(What you have to do): Make an exact copy of the records, with the images left out.

+ + +

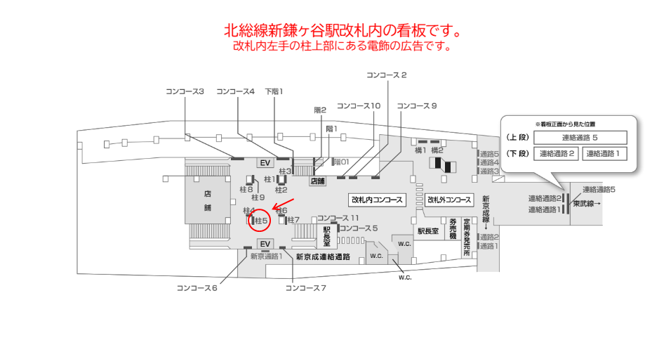 柱№5は、主に上り線へ向かう方の動線上にあり、毎日の利用者へ向けた広告の刷り込み効果が期待できます。
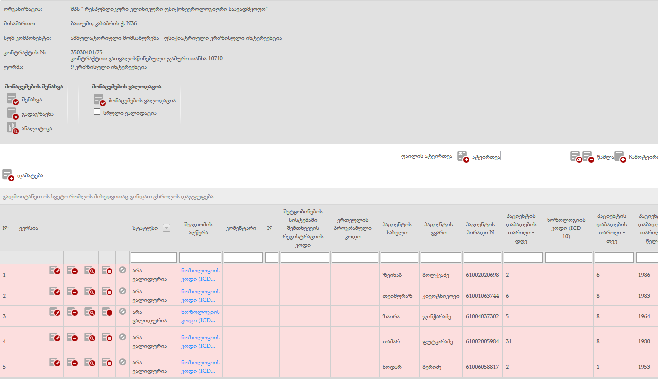 იმისთვის რომ ვალიდაცია გაიაროს ფორმამ საჭიროა მონაცემების შეყვანის დროს ფორმას დაემატოს ხელოვნური კოდი და ICD 10. რაც მოცემულ ფორმაზე დამატებული არ არის.
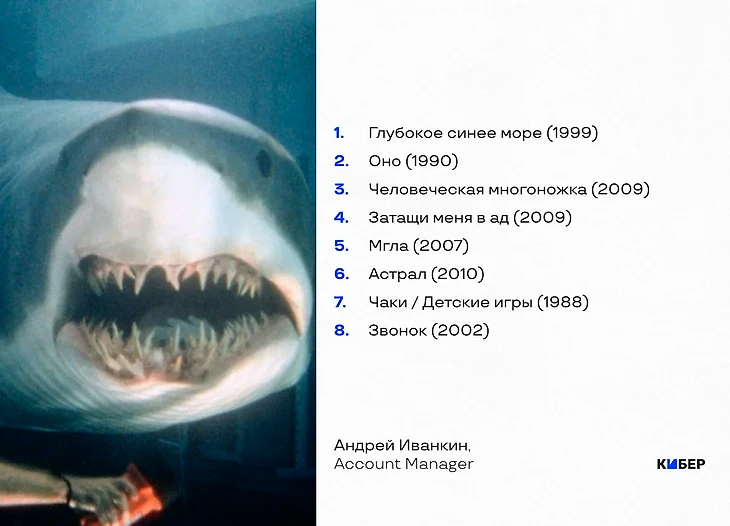 Но зная, что большинство коллег – хоррор-задроты, я решил разбавить их топы фильмами, которые только формально относятся к жанру. Ну кто-то же должен напомнить, что гигантская аниматронная акула – это действительно страшно!
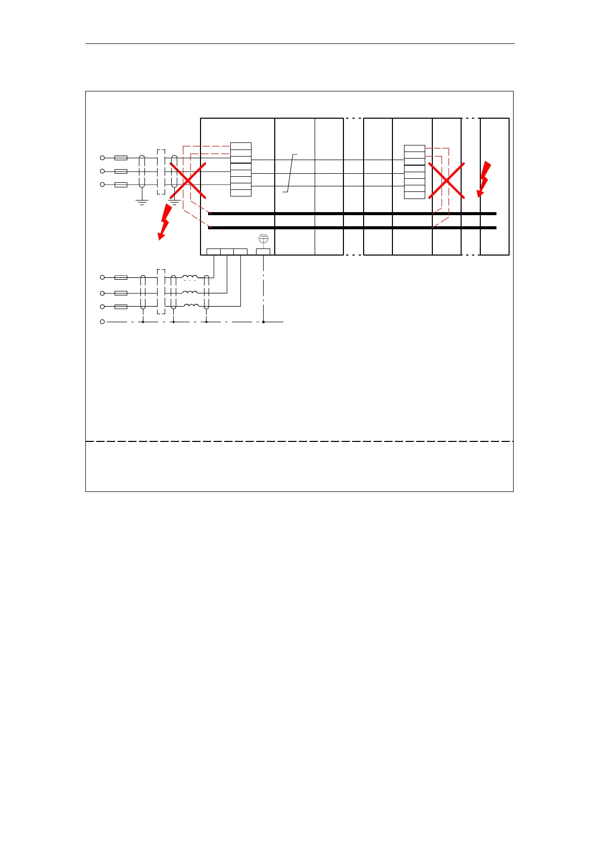 Fig. 8-39 Examples of illegal (forbidden) six–conductor connection to the line supply + DC link connection
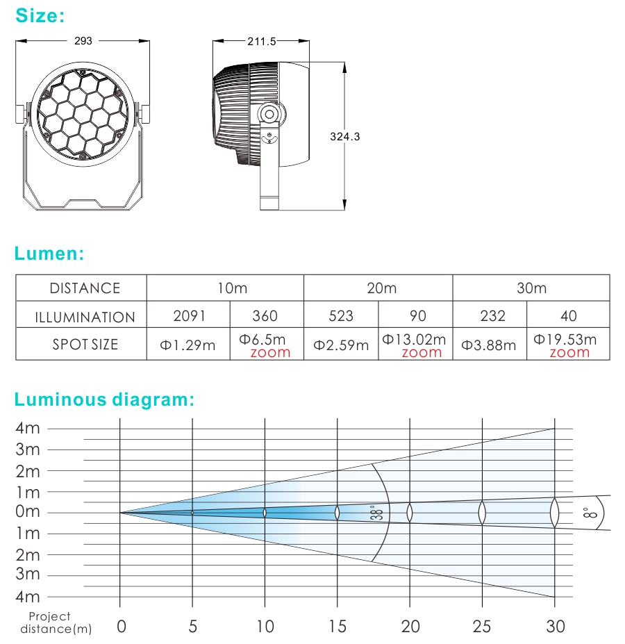 This product is different from the traditional LED par light , it can bring a clear outline, small angle without flooding, using leading silicone light guide technology, and jointly developed with France Gaggione. On the basis of LM285, the moving head device is removed and single point single control is cancelled. LP285 is more cost-effective. If you understand it carefully, it is a bright focusing par light.
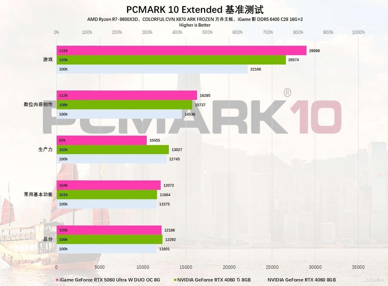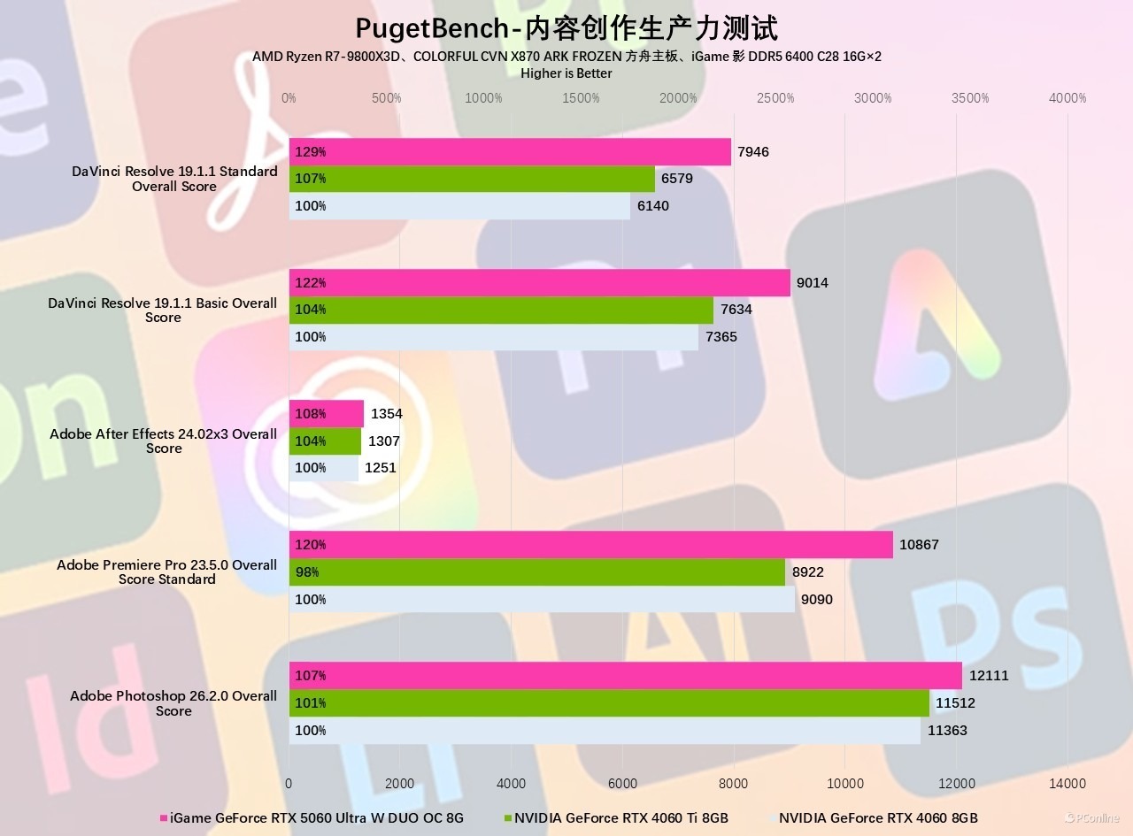 看过了游戏,下面就是专业创作领域的内容了。先给大家伙看一下综合场景的性能表现,在PCMark10 Extended测试,iGame GeForce RTX 5060 Ultra W DUO OC 8GB在游戏、数位内容创作方面的表现更佳,基本上要比RTX 4060高12-31%左右,对比RTX 4060 Ti则是10%左右的提升。而生产力方面的成绩则比较低,推测是目前驱动还不完善所致。

+ + +

(Your solution):
 柱№5は、主に上り線へ向かう方の動線上にあり、毎日の利用者へ向けた広告の刷り込み効果が期待できます。
 იმისთვის რომ ვალიდაცია გაიაროს ფორმამ საჭიროა მონაცემების შეყვანის დროს ფორმას დაემატოს ხელოვნური კოდი და ICD 10. რაც მოცემულ ფორმაზე დამატებული არ არის.
 Но зная, что большинство коллег – хоррор-задроты, я решил разбавить их топы фильмами, которые только формально относятся к жанру. Ну кто-то же должен напомнить, что гигантская аниматронная акула – это действительно страшно!
 Fig. 8-39 Examples of illegal (forbidden) six–conductor connection to the line supply + DC link connection
 This product is different from the traditional LED par light , it can bring a clear outline, small angle without flooding, using leading silicone light guide technology, and jointly developed with France Gaggione. On the basis of LM285, the moving head device is removed and single point single control is cancelled. LP285 is more cost-effective. If you understand it carefully, it is a bright focusing par light.
 看过了游戏,下面就是专业创作领域的内容了。先给大家伙看一下综合场景的性能表现,在PCMark10 Extended测试,iGame GeForce RTX 5060 Ultra W DUO OC 8GB在游戏、数位内容创作方面的表现更佳,基本上要比RTX 4060高12-31%左右,对比RTX 4060 Ti则是10%左右的提升。而生产力方面的成绩则比较低,推测是目前驱动还不完善所致。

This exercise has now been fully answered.